§ Exercise goal
Only the lines from the top of the data through the line containing "This effortlessly feminine" should be duplicated, exactly as they appear.

§ Data provided

....

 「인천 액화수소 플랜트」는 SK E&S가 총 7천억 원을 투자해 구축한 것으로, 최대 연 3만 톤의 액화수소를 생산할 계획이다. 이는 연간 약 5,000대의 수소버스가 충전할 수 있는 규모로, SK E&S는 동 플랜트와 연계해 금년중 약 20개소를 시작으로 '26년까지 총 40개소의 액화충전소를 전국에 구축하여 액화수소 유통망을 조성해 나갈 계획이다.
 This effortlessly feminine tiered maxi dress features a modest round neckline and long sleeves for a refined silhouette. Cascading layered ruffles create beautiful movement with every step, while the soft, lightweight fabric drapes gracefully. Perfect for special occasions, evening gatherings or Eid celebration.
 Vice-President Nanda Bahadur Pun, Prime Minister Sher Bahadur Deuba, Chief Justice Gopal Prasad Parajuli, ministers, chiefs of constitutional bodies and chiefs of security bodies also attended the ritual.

....

§ Task result
 「인천 액화수소 플랜트」는 SK E&S가 총 7천억 원을 투자해 구축한 것으로, 최대 연 3만 톤의 액화수소를 생산할 계획이다. 이는 연간 약 5,000대의 수소버스가 충전할 수 있는 규모로, SK E&S는 동 플랜트와 연계해 금년중 약 20개소를 시작으로 '26년까지 총 40개소의 액화충전소를 전국에 구축하여 액화수소 유통망을 조성해 나갈 계획이다.
 This effortlessly feminine tiered maxi dress features a modest round neckline and long sleeves for a refined silhouette. Cascading layered ruffles create beautiful movement with every step, while the soft, lightweight fabric drapes gracefully. Perfect for special occasions, evening gatherings or Eid celebration.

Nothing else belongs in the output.